Why didn’t I hear the shots more often? Why don’t we ever hear anything? Why do I only learn about this now? Why did nobody come and tell me that the cows didn’t seem right? Why don’t you notice things, I know you know what a healthy cow looks like!
She looked you straight in the eye, her body ramrod-stiff. You could see the hurt settling in her gaze. On top of the poker face, a film of aggrievedness. More than that.
He screws a pipe into the front of the rifle’s barrel, she said, her voice neutral.
You let her go, she retreated. When she spoke it was soft, but clear and controlled.
I saw it yesterday for the first time. All you hear is thud like a bag of salt falling off a wagon. But I know what it sounds like now.

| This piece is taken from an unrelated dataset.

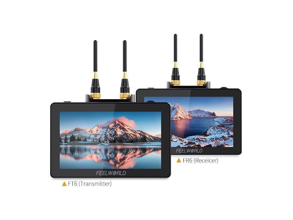 Monitoarele wireless FEELWORLD FT6/FR6 combină transmisia video fără fir și un monitor HD de înaltă calitate pentru a crea un kit de monitorizare ultra-ușor, fără cabluri, care vă oferă mobilitate completă pe scenă. Folosind tehnologia de antenă 2x 2dBi și tehnologia de codificare și decodare H.264 pentru procesare profesională a imaginii, imagine mai curată, rază de până la 250 m și latență mai mică (0,007 s). FR6 poate primi semnale fără fir HD necomprimate de la transmițătorul FT6. Deși FT6 și FR6 au transmisie wireless de imagine încorporată, ele mențin un factor de formă subțire: dimensiuni mici de 5,5 inci și o greutate de doar 370 g, ideale pentru fotografia mobilă la locație.
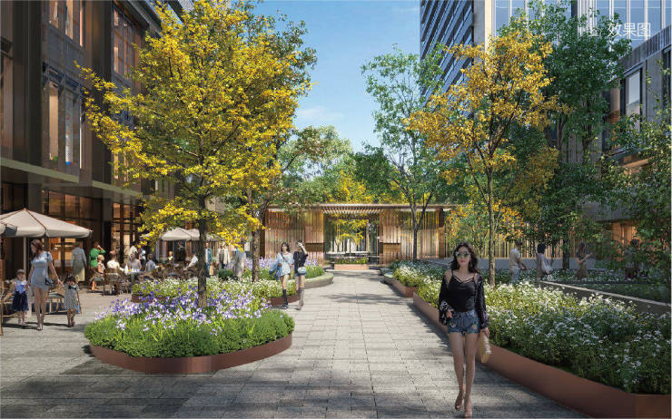 时尚生活中心,闹中取静,打造绿地空间、社交餐饮、户外运动等越界融合的时髦范本。

From now on I’ll know to listen for it.
Don’t let him see you, Agaat.
You are my eyes and my ears, you wanted to say, he knows in the long run I find out everything, but just don’t let him discover that you’re spying on him.

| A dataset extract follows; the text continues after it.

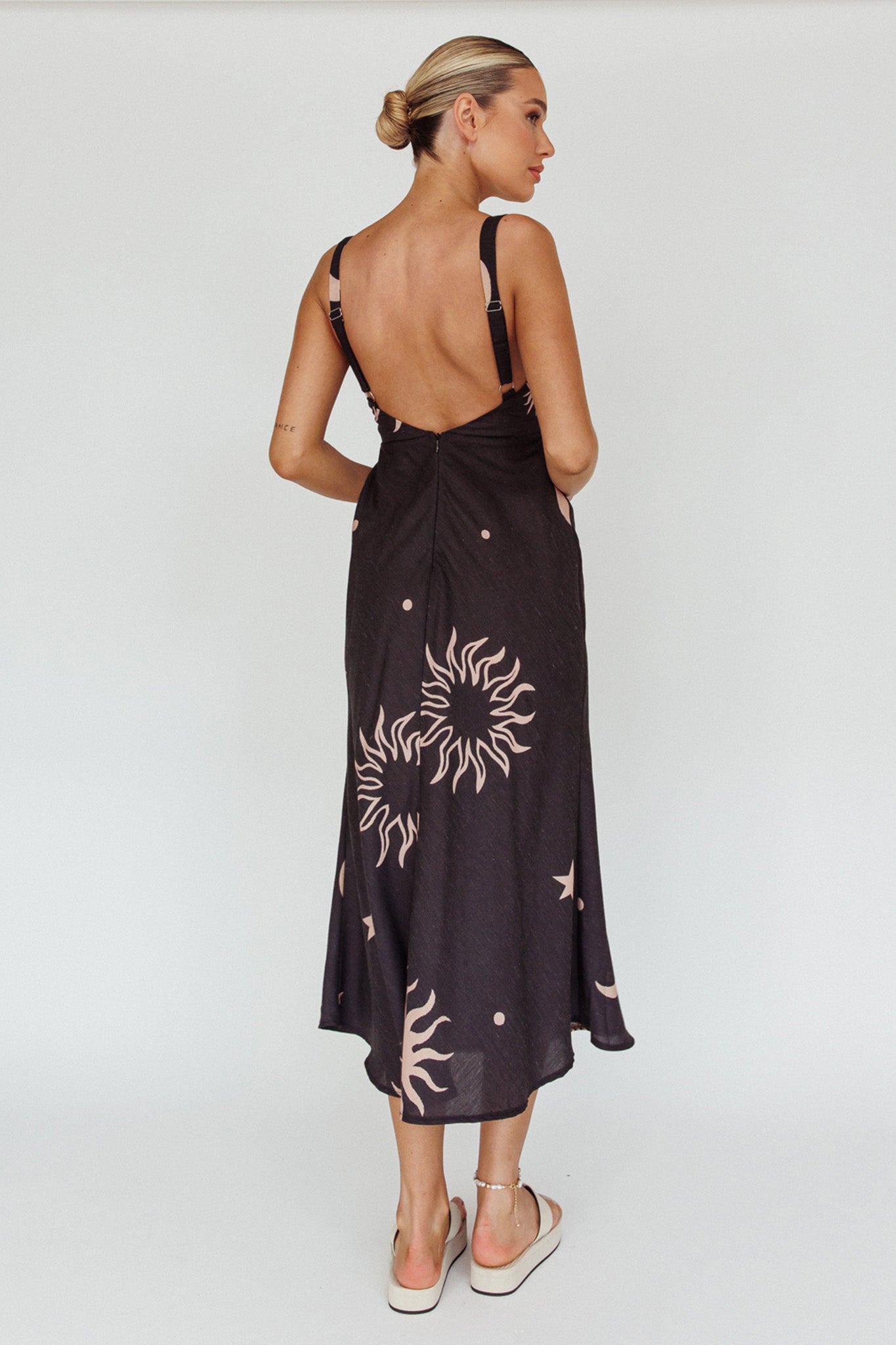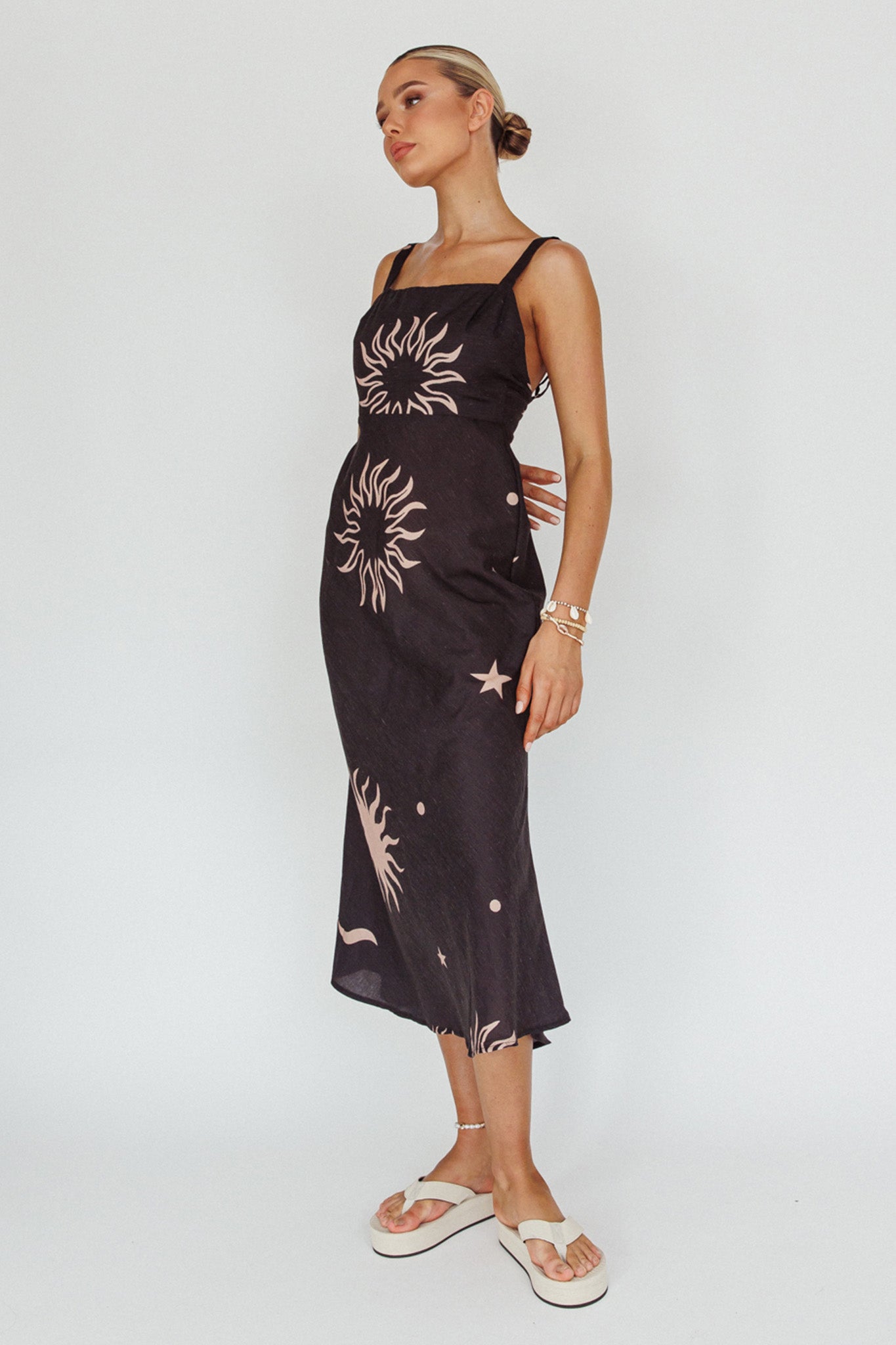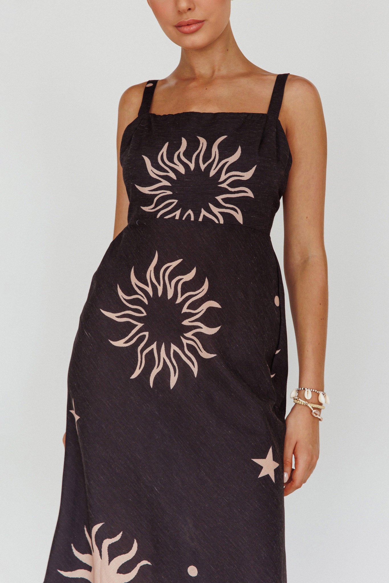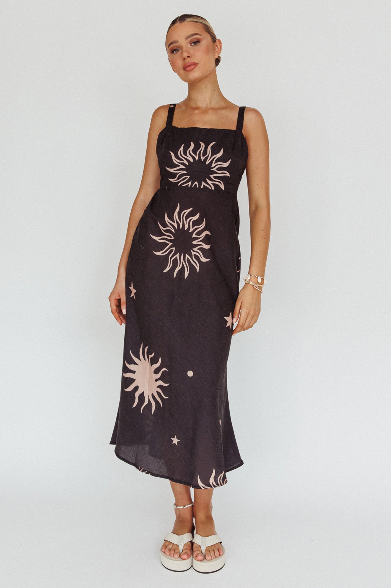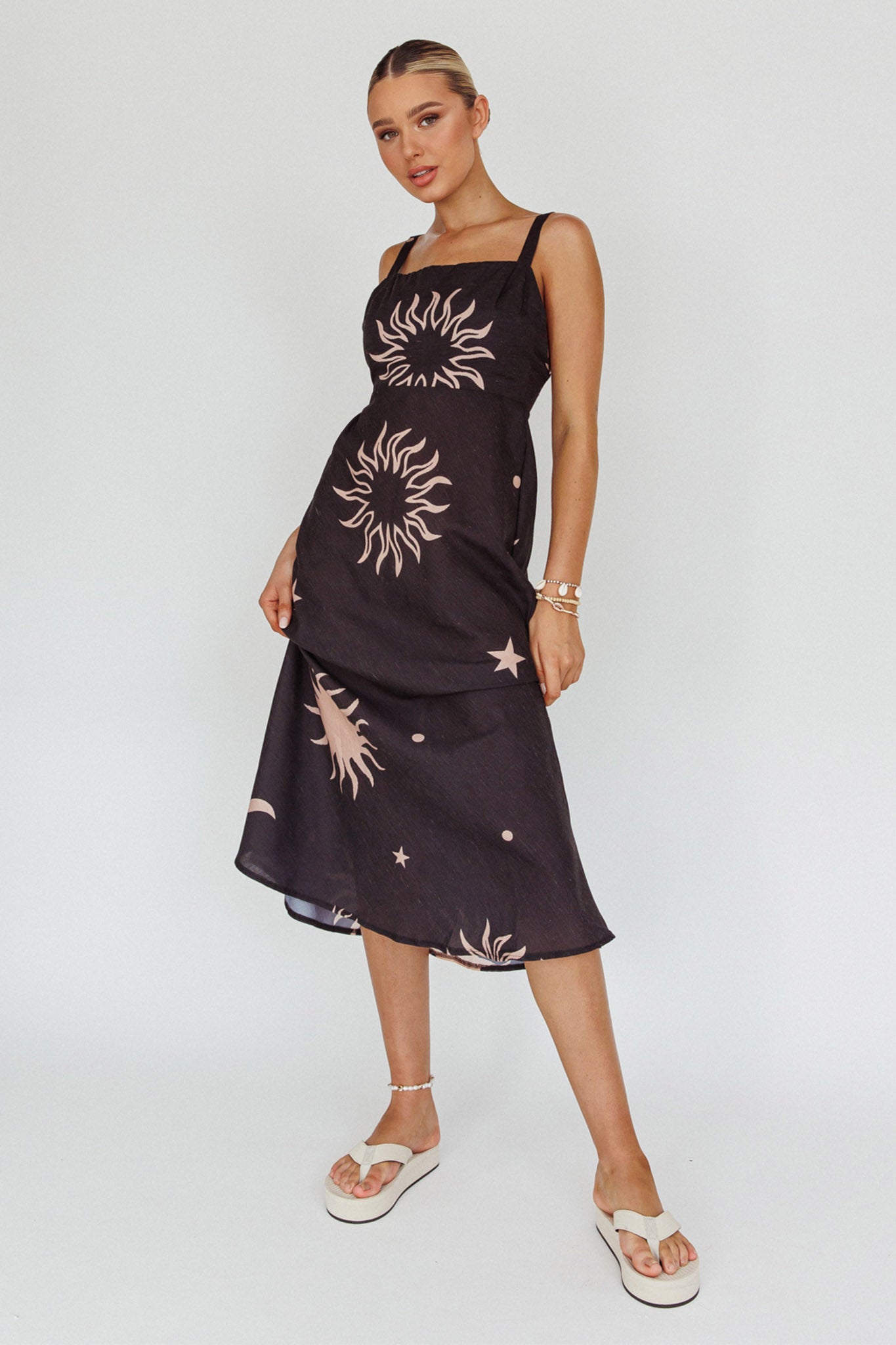 Say hello to our gorgeous Coucou midi dress. Featuring a breezy silhouette and cute celestial print. It's perfect for weekend coffee dates with your bff's. Team it with sandals and a straw tote for a look we are loving.

You were silent, blew your nose. Her gaze forbade you to say anything further.
You should have said you were sorry you scolded so viciously. You should have said you would be more alert yourself. Never mind, it’s not your fault, Agaat, you should have said, you’re with Jakkie all day, how could you know what was happening in the fields? But you didn’t. You stepped past her, your hands to your face. Shattered because of the cows. Over those injured eyes of Agaat’s you stepped. Right over the insinuation flickering in that eye.
Must I see the germs even before they hatch? Must I keep death itself from your body? There was reproach on her face.
Sobering it was.
You gathered yourself. Saw to it that the old bones and tins and cartridge-shells and rusted wires and everything on the old grazings next to the river were cleared up. Jak trembled with dismay when he heard the name of the sickness. He buckled down and helped. You controlled yourself, said if it was really necessary, then he should go and lay out a proper shooting-range with real targets at the back of the fallow land in a special camp where he would be out of the way of man and beast. There would never again be a single thing shot and left lying in the veld, you said.

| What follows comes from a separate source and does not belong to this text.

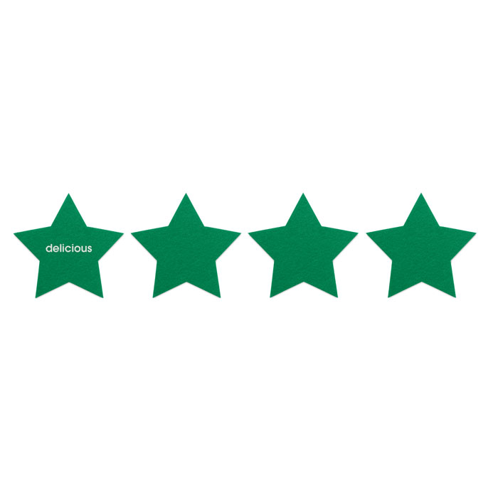 Набор из 4 фетровых (RPET) подставок костеров в форме звезды. Упакован в крафт-коробку -
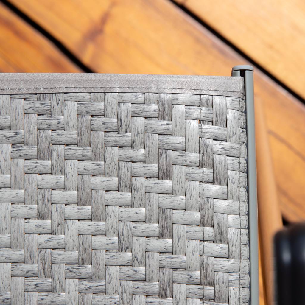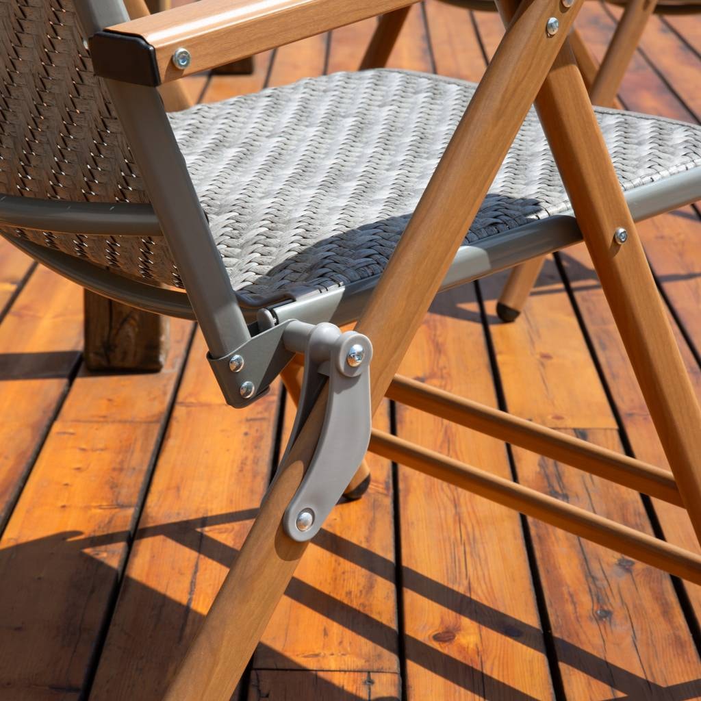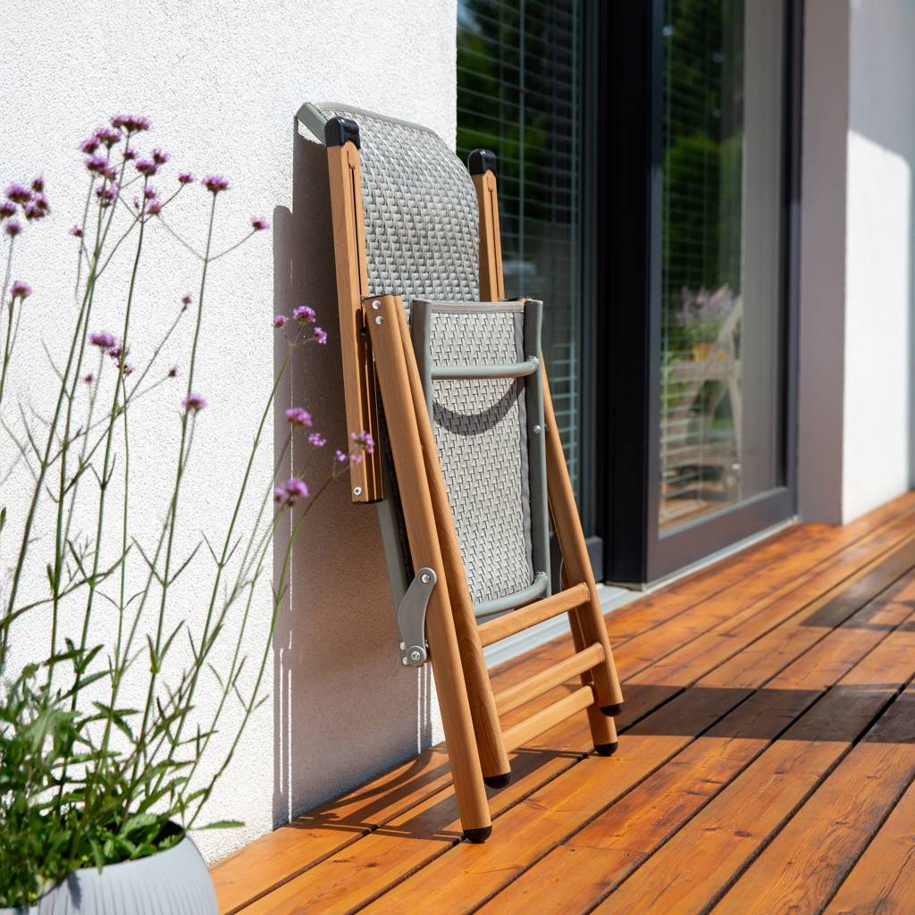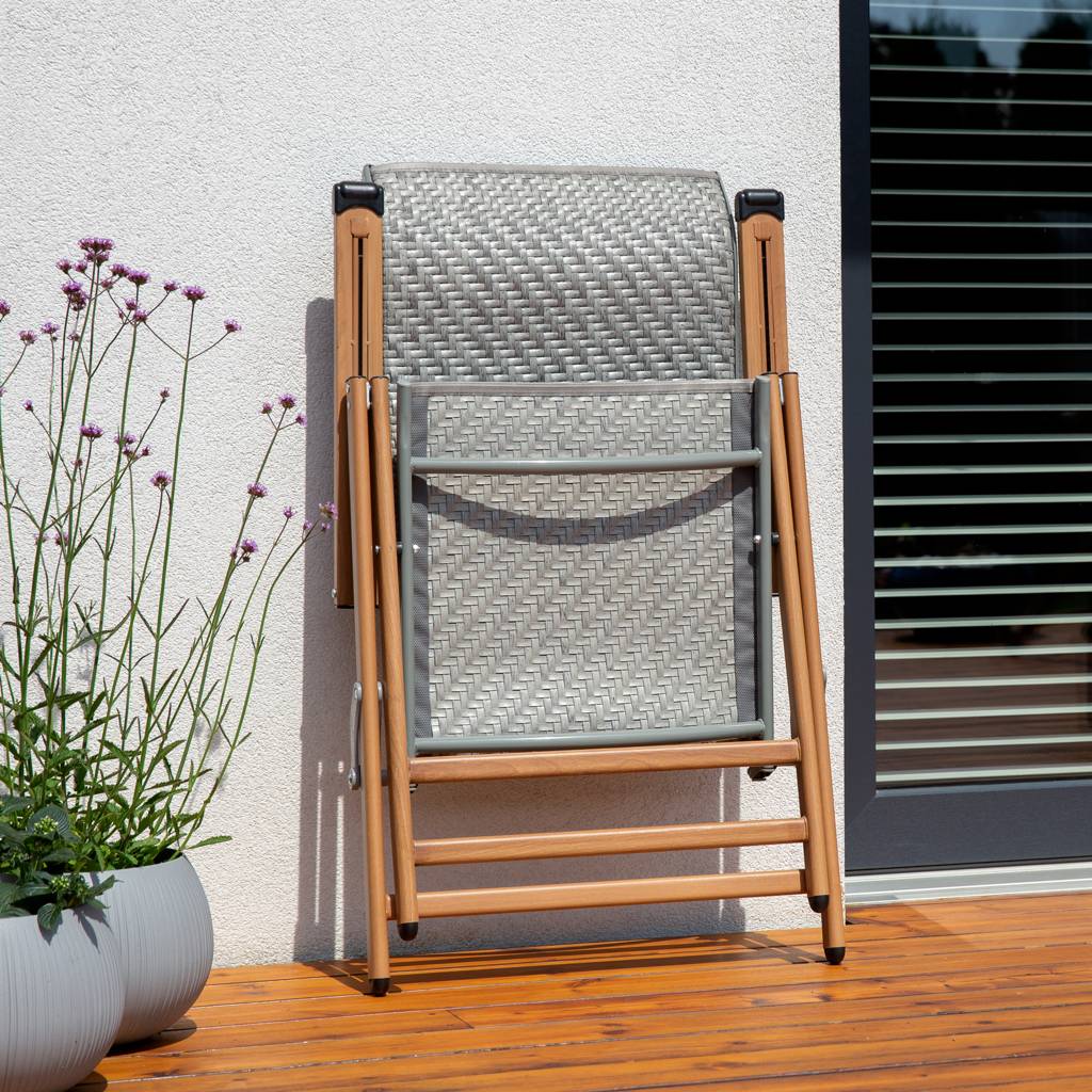 The reclinable garden chair made of technorattan offers the combination of comfort, durability and modern design. Seven-position backrest adjustment allows you to adjust the angle to your own needs. The stable steel construction guarantees durability, and the seat and backrest made of technorattan provide weather resistance. The legs of the chair are styled to look like wood – they appear natural but maintain steel strength. The garden chair can be easily stored, as it takes up little space when folded.

You immediately started administering bonemeal with the salt, for the sheep as well, and gave instructions for the making of new little troughs that would ensure that each head of cattle would get its eight ounces.
You got in a team of convicts and had the whole farm, next to the rivers and on the side of the drift, scoured for bones. More than a hundred bags full were collected.
You wouldn’t forget that, the shaven heads of the men as they moved stooped down in a slow phalanx before Agaat’s white apron over the lands. The old hymns there on the fallow, carried by the wind, you could hear them as far as the yard, Agaat’s descant high and bright above the deep voices of the men.
From depth of dark’st disgrace
of deliverance bereft
where hope’s forlorn last trace
in despair my heart has left;
from depths of desolation
oh Lord, I b’seech thee, hear,
and let my lamentation
ascend, Lord, in thine ear!
Everybody was flabbergasted. Cows that eat skeletons. As if death itself had nutritional value. Even Saar and Lietja who could produce a ribald laugh on any occasion, stood there in the kitchen singing, dragging it out with that lugubrious bending of the notes that the brown people could give to a song. A weeping and wailing it was in those days on Grootmoedersdrift, as the wagons full of white bones arrived in the yard. And as the digging of the trenches began and the skeletons of skunks and meerkat and guineafowl, and the carcasses of cattle, were cast into them, Agaat led the workers in the singing of another verse.
Hope, Israel in your sorrow,
trust, o nation that grieves;
His favour light’ns the morrow,
His grace your grief reprieves.
Then shines a sweet salvation:
all Israel is free
of trial and tribulation.
Do like, Lord, unto me!
It set you crying all over again. For more than the cows. For Agaat’s eye that was dry and sharp with supervising. In her mouth it was a battle hymn, that you could hear, and it was directed at you and you felt how she was piling up her case against you. It was a case for which she could locate her injustice in the very hymns of your own church, in the very mouths of the prophets of the Old Testament.